Panama 500 has Pattitucci on electric bass and Blade drumming magically among the traditional percussion, (Brazilian Rogério Boccato) and richly-textured piano and violin harmonies. Pérez’ piano notes sparkle like The Reflections on the South Sea, over Sachi Patitucci’s rich cello lines. There are memories of Piazzolla, a piano solo spanning Bach to Monk in ever-changing patterns, and a heartfelt double bass solo from Pattitucci.
Eulogio Olaideginia Benítez starts Abia Yala (America) with traditional panpipes like birdsong before the trio takes over. Pérez describes his work with Pattitucci and Blade in the Shorter band as having a ‘zero-gravity component to it, where things come out of nowhere’, and as the groove develops it’s impossible to tell what’s written and improvised. The harmony and time feel deliciously just beyond comprehension- the playing is so subtle and just downright amazing.

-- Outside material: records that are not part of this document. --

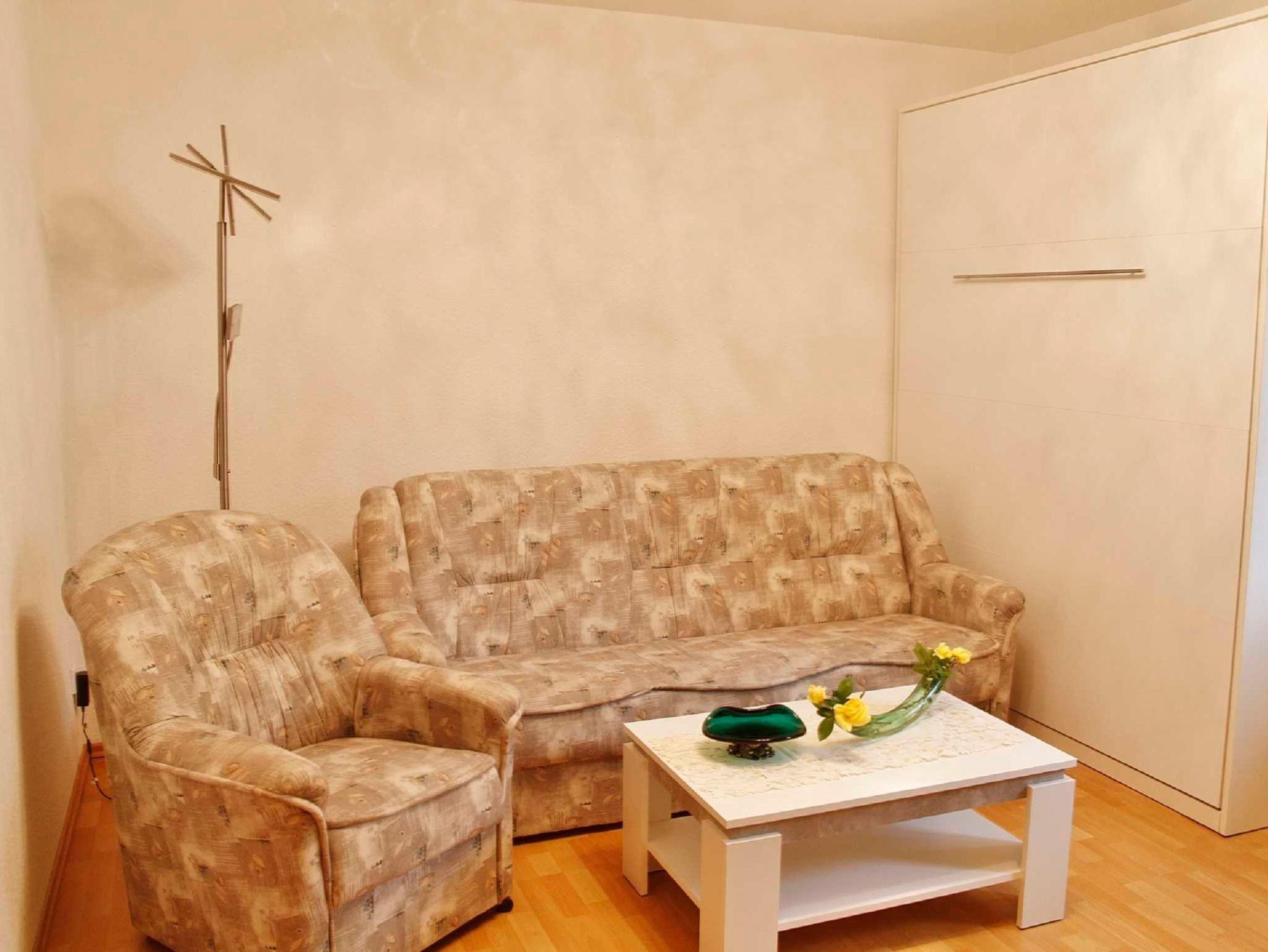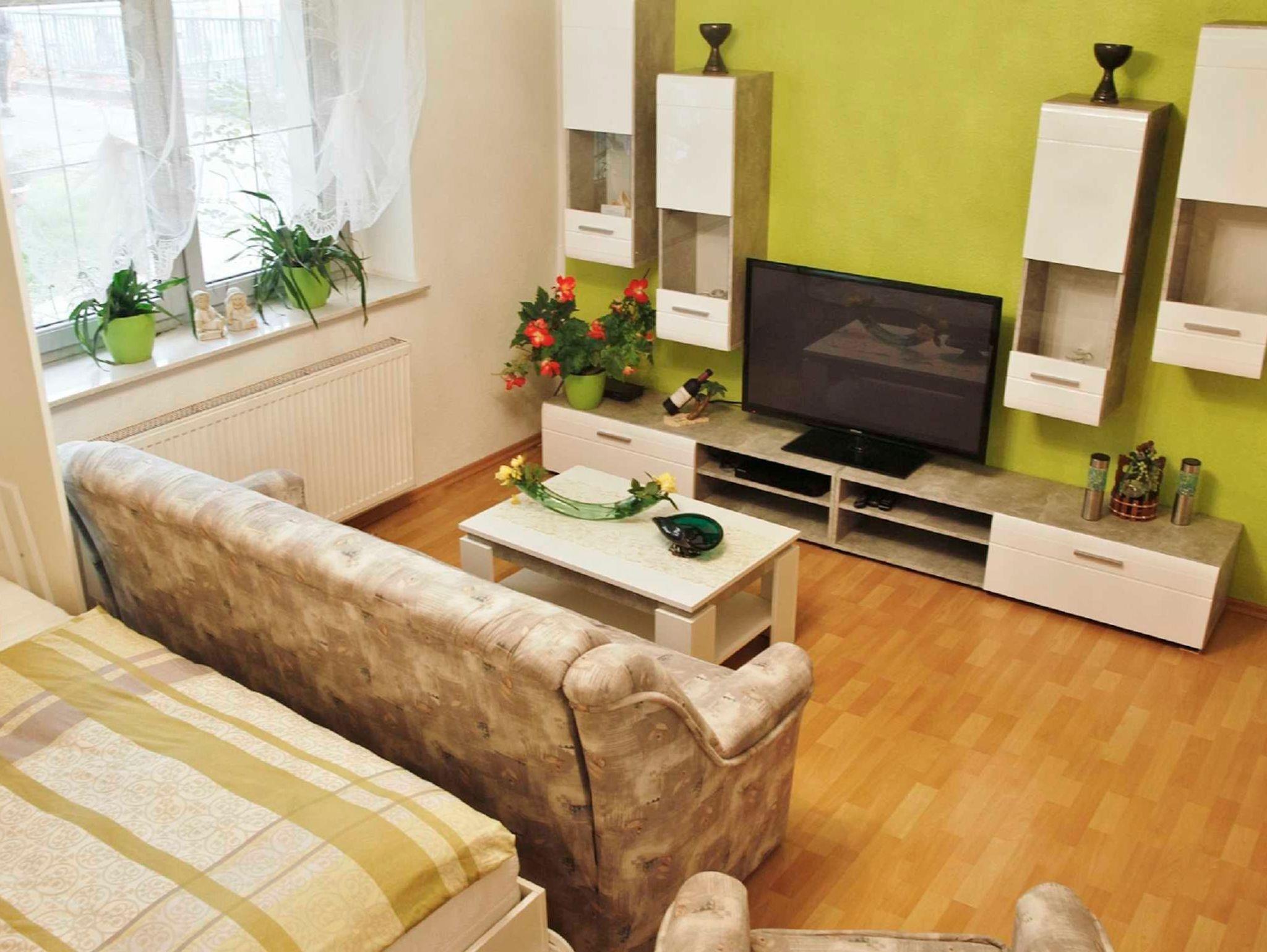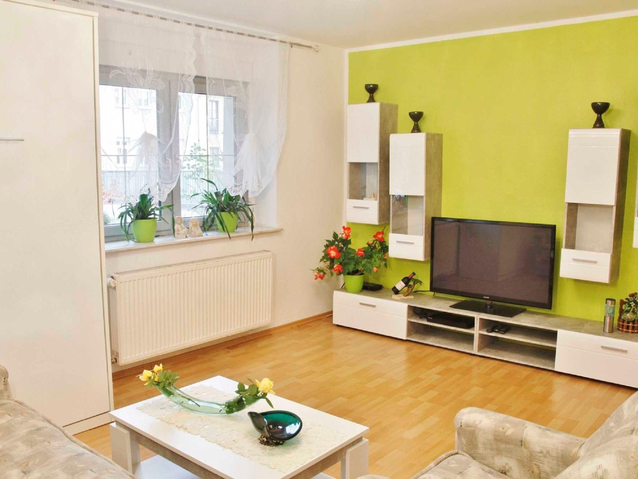 Das gemütliche Wohnzimmer erzeugt eine warme Ausstrahlung durch eine grün gemalerte Wand, die hellen Möbel runden das Gesamtbild ab und sorgen so für ein angenehmes Raumgefühl. Zur Einrichtung gehört eine moderne Anbauwand,ein 3-Sitzer mit Sessel, Couchtisch sowie ein Schrankbett. Dieses ist 1,60m x 2m groß und dient für 2 weitere Schlafplätze.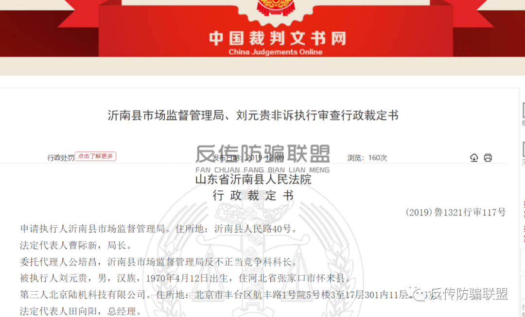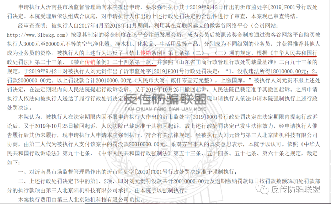 好景不长,2019年10月28日,陆机科技就又牵涉到另外一桩传销案中。据《沂南县市场监督管理局、刘元贵非诉执行审查行政裁定书》显示,被执行人刘元贵自2017年4月至2018年11月期间,利用其在互联网建立的微客谷网络平台(会员网站即上文提到的已无法访问的315wkg.com)按照其制定的奖金制度在该平台注册发展会员,成为会员后按照该奖金制度通过微客谷网络平台购买3000元至60000元不等的空气净化器、净水机、化妆品、生活用品等产品,分别成为不同级别的业务员,并获得推荐其他人成为业务员的资格。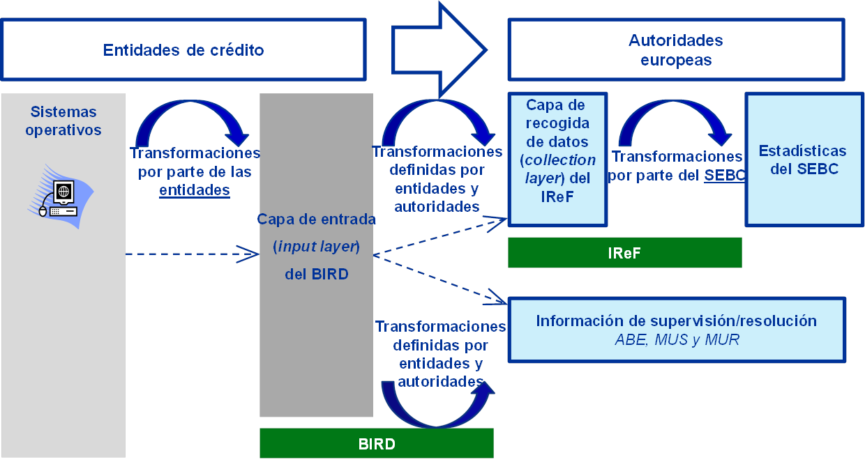 - Aquí nos referimos, principalmente, a los conjuntos de datos relacionados con las obligaciones de información de las entidades de depósito que se establecen en: los reglamentos del BCE sobre estadísticas de las partidas del balance y de los tipos de interés de las instituciones financieras monetarias, el módulo sectorial del Reglamento relativo a las estadísticas sobre carteras de valores, y el Reglamento de AnaCredit sobre datos granulares de crédito y de riesgo de crédito.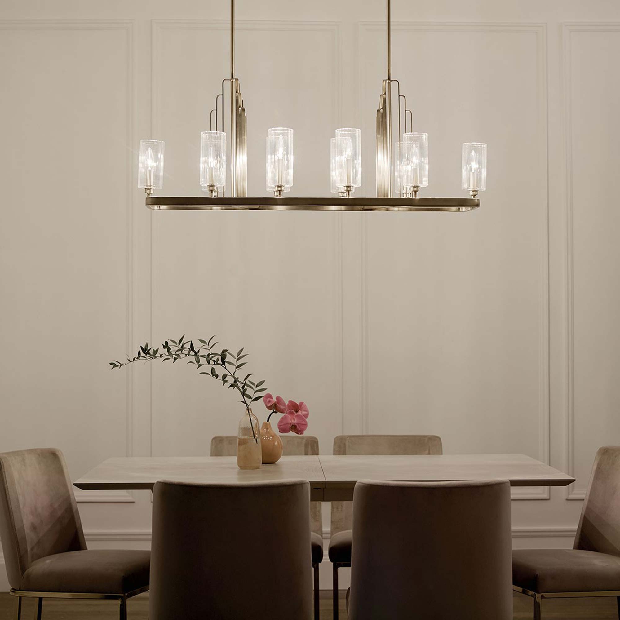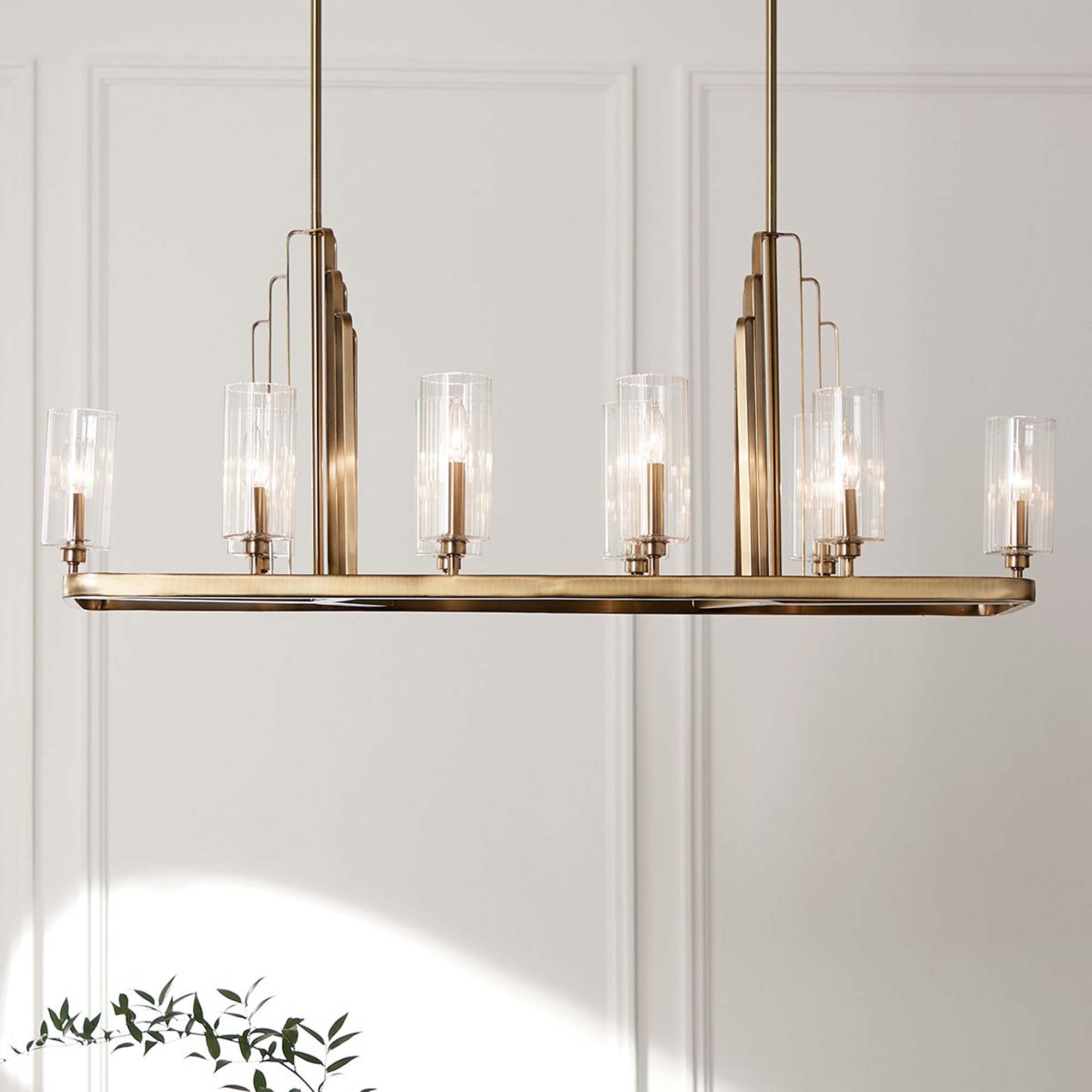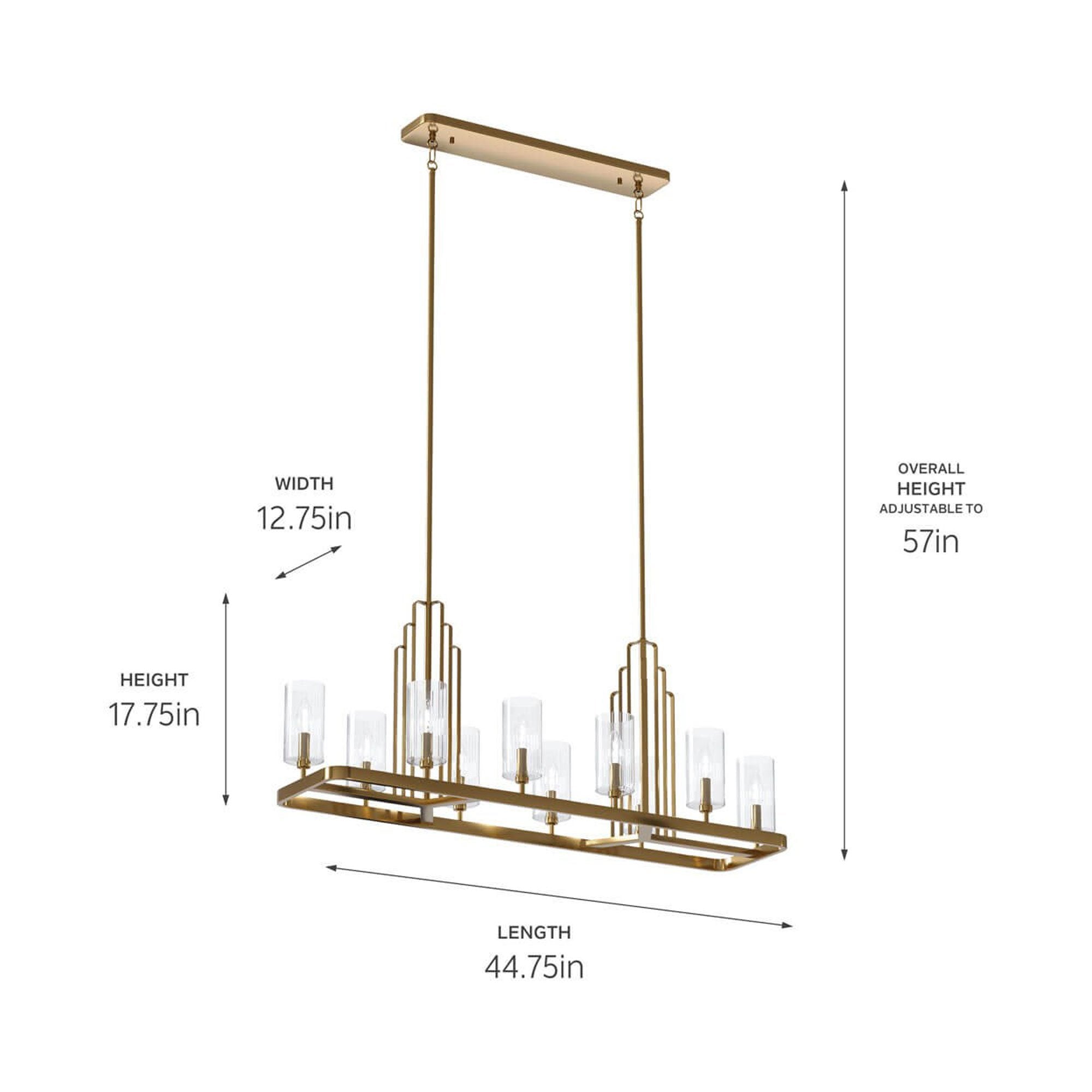The Kimrose™ 10 light linear chandelier is an Art Deco masterpiece. Its geometric shapes take center stage in a gorgeous Brushed Natural Brass and Polished Nickel finish. The shades are Clear Fluted Glass, meaning they're ribbed gently with vertical grooves to produce a subtle lighting effect. For lighting without the effect, simply remove the shades.

The trio takes us to a musical new found land in The Expedition, where Blade solos powerfully over Pérez’ dark block chords, which seem to contain every note of the scale at once.
This superb album summons a Panama of the mind: everything is reconciled in the complex composition and extraordinary improvisation, almost superhuman sense of harmony, and the simplicity of folk music.